Now we need the order of $7$ modulo $9$, the smallest $s$ such that $7^s \equiv 1 \bmod 9$. This is easy to find by examination: $7^2 \equiv 4 \bmod 9$ and so $7^3 \equiv 28 \equiv 1 \bmod 9$.

So $4444^{4444} \equiv 7^{4444} \equiv 7 \cdot (7^3)^{1481} \equiv 7 \ \bmod 9$, and the same equivalence is true for $B,C$ and $D$.

Now roughly how big is $A$? Since $\log_{10}4444 \approx 3.64777$, we know that $\log_{10}A \approx 16210.7$, that is $A$ has $16211$ digits.

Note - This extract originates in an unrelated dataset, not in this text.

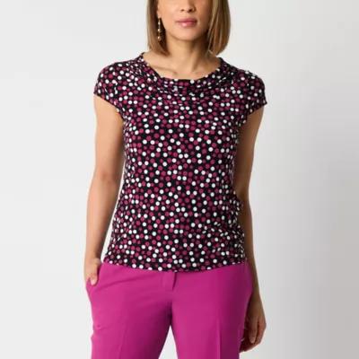 Black Label by Evan-Picone Womens Cowl Neck Short Sleeve Blouse
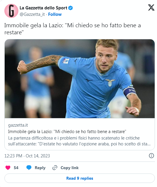 أعرب اللاعب الإيطالي "تشيرو إيمويبلي" مهاجم نادي لاتسيو عن حزنه وحسرته بعدما قام برفض عروض كان تلقاها خلال الميركاتو الصيفي الماضي لينتقل إلى اللعب داخل دوري روشن السعودي.

This gives us that $B \le 16211\times 9 = 145899$. So if $B>100000$, the first two digits sum to no more than $5$, which means that $C \le 45$ (that maximum being when $B=99999$).

Finally we can use our knowledge that $C \equiv 7 \bmod 9$ and observe that $C$ must be one of the values $\{7,16,25,34,43\}$ and thus that $S(C) = \fbox{D = 7}$.


Additional thoughts:

We get exactly the same answer, $D=7$, for $A=55555^{55555}$ . Impressively, a slight variation on the same process also works to get $D=9$ for the case $A=999999999^{999999999}$ (nine nines).